# Clinton



## SEsteelheader (Mar 23, 2004)

Can someone tell me a spot to fish for steel in the clinton and is yates [cider mill even worth fishing for steel?? need info please


----------



## WANNABEFISHIN (Oct 26, 2004)

have seen guys pull a few just below the dam.I personally havent caught squat fishing yates or any were else on the clinton. I always see other people catch em keeps me going back dont know why. BRING ON THE ICE!!!!!!!!!!


----------



## Rocker53 (Jan 23, 2004)

I have tried fishing for steel and trout...and i've caught practically everything but steel and trout. Hats. Cans. a few bags and actually almost caught a tire til my line broke. While the trips i have taken were quite unsuccessful, i actually found some very good spots that, if the Clinton were like one of the northern rivers with the runs they get, it would almost guarentee a strike. However, the Clinton isn't up to those standards yet though i hope oneday, it gets a run that can rival the pressure we put on the stream. Anyway, the dam is alright, too many people fish there for me during the season and too many broken lines and garbage lying around. If i were you, i'd try by the hayloft, both above and below the bridge there are some very interesting spots that if they don't produce fish, at least you get a pretty picture. Any way good luck.


----------



## SEsteelheader (Mar 23, 2004)

Hayloft????????


----------



## Shoeman (Aug 26, 2000)

Dequindre Bridge


----------



## Kevin (Oct 4, 2000)

SEsteelheader, Hayloft is the big parking lot and Bar at Ryan road. There is a public access parking lot across the river, but not in the winter.


----------



## Steve (Jan 15, 2000)

Let's be careful here and not get too specific.


----------



## ESOX (Nov 20, 2000)

Personally, I prefer staying in the lower reaches of the river, and I think it's a lot more productive in the winter.


----------



## Shoeman (Aug 26, 2000)

Sorry guys

Amos you're right.

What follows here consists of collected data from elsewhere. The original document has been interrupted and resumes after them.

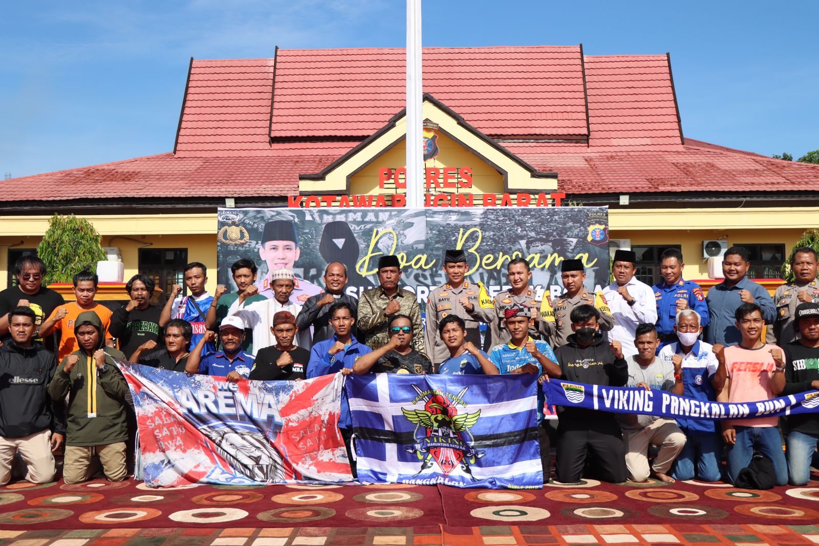 KOTAWARINGIN BARAT,ikagawanews.id – Kapolres Kotawaringin Barat AKBP Bayu Wicaksono,SH.,SIK.,M.Si beserta wakapolres, pju, perwira dan komunitas suporter Sepak Bola Nasional Kotawaringin Barat melaksanakan doa bersama di Lapangan Presisi,Selasa 4 Oktober 2022.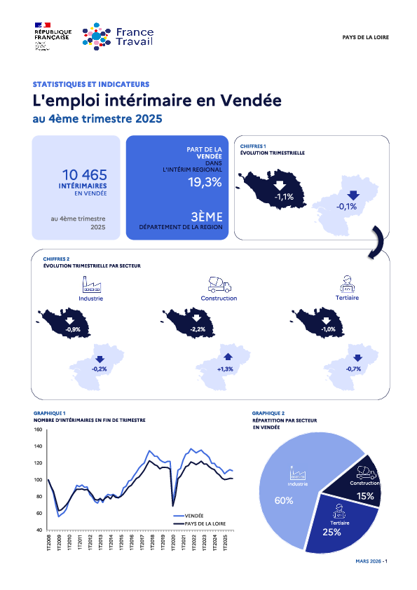 Synthèse de l'emploi intérimaire en Vendée au 4ème trimestre 2025.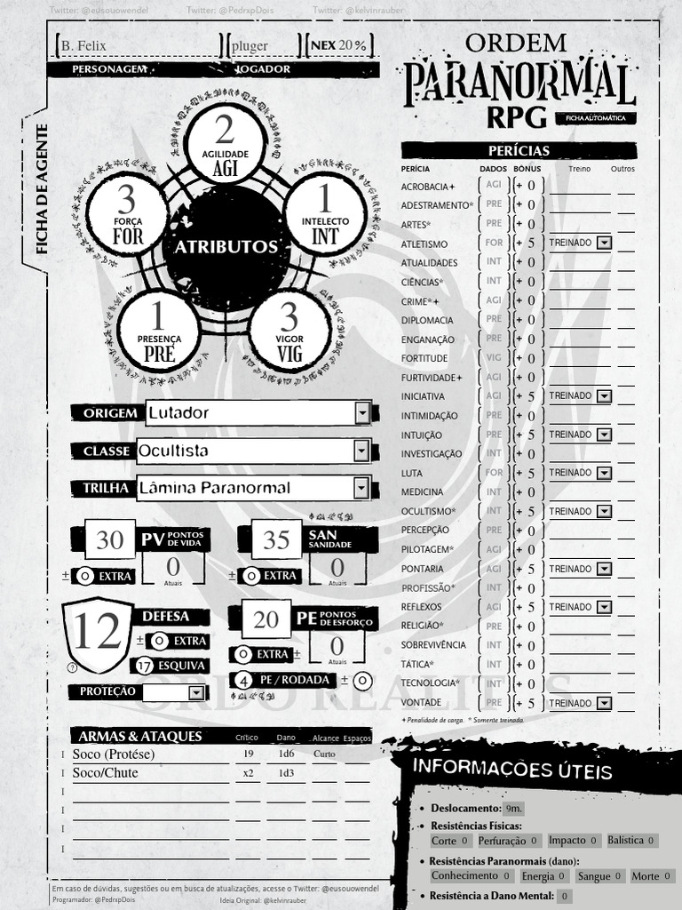 CLASSE Ocultista INVESTIGAÇÃO INT + 0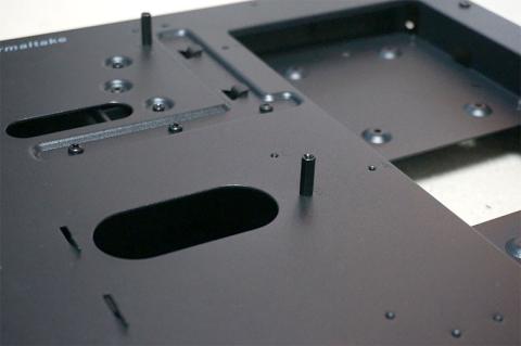 特に気になるのが配線を表に出す穴。どちらも(他のマザー配置を考慮したのかもしれないが)標準配置だとマザーの下に隠れてしまう位置。なのでマザー装着前にケーブルを通す必要がある。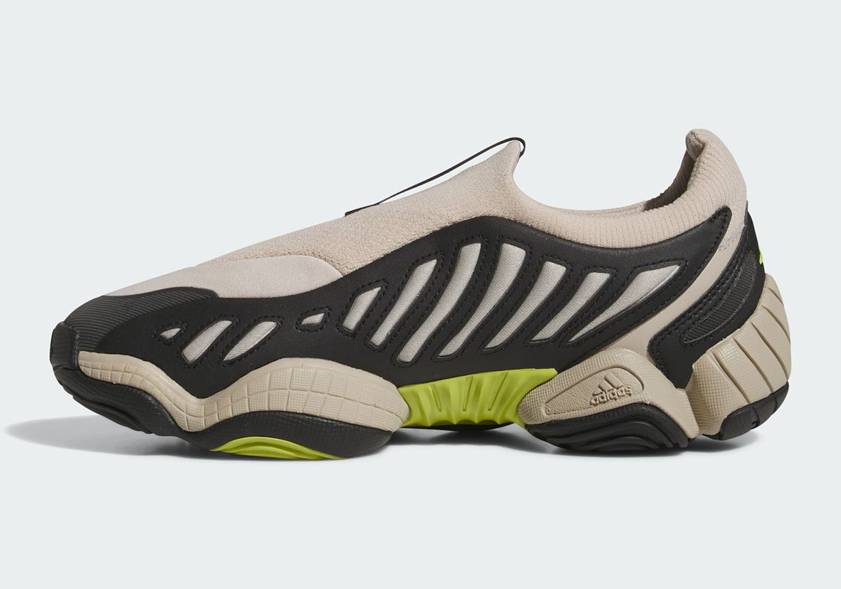 A new retro effort began populating the adidas catalog in about March of this year, and scattered collaborations have been hitting the newswire since around two years earlier. Yet as colder weather looms, it’s that shift that brings the most transformative makeover of the Feet Year Wear silhouette we’ve seen yet. The general contours of the model – including its gridded, wavy sole unit – remain in place, but there’s a ton of changes within those outlines. The most evident is changing a traditional lacing system for a fabric elastic foot entrance, holding up the “slip on” promise included in our title. Additionally, the raised TPU cages on the side now shift into flush leather, wearing cut-outs in the space between to create that same impact. Naturally, the same “Triple Black” aesthetics that have graced the parent model make an appearance here, but a more experimental beige/black/neon green is also on tap to help bring this remodel to market.

I always get the two confused... DUH


----------



## SEsteelheader (Mar 23, 2004)

thanks ill take a trip just got my drivers liscense and am excited to catch my fist sw steel


----------



## stelmon (Sep 21, 2000)

Good luck advoiding all the ice in that river already:rant:


----------



## chuckinduck (May 28, 2003)

Yah c'mon guys..........lets be secretive about our hotspots........afterall not all of michigan knows about the mecca that is the Clinton River........ :lol: I always laugh when people try and moderate this river............2 million people live an hours drive from it and if only one person in every hundred knows about steelhead fishing the clinton.............then that means there are 20,000 people "in the know" on this river.........hahaha..........wow what a secret it is


----------



## ESOX (Nov 20, 2000)

Spent a couple of hours in a favorite lower river haunt yesterday. There were only five other guys in that secret area of the river. I didn't know them and when I saw them in "My" hole I was heading on towards the next spot when they said, "nothing down there, there is still room in this area, come on down."  River was wide open where we were(no ice). One fish hooked, not by me, that came unbuttoned on the second jump.
BTW, it took a Firetiger 1/2 oz. Rattletrap. I am beginning to think I need to pack a whole backpack of of stuff to throw at those fish.:banghead3


----------



## stinger63 (Nov 25, 2003)

> Yah c'mon guys..........lets be secretive about our hotspots........afterall not all of michigan knows about the mecca that is the Clinton River........ I always laugh when people try and moderate this river............2 million people live an hours drive from it and if only one person in every hundred knows about steelhead fishing the clinton.............then that means there are 20,000 people "in the know" on this river.........hahaha..........wow what a secret it is


Ok me being the outspoken one I am<Im jumping right on the bandwagon with this one.I think its a joke to try and moderate this river and its big secret.Im not saying we get exactly specific on every area known to catch steel from here but its a joke.Hush hush shhhhhh we are going to let some big cat out of the bag.
Talk about the huron is more wide open and yet this river is probaly in my opinon a much a better fishery for them.Its still within an hours drive of the metro detroit area but its access spots are more widely discussed on this forum than you can ever imagine.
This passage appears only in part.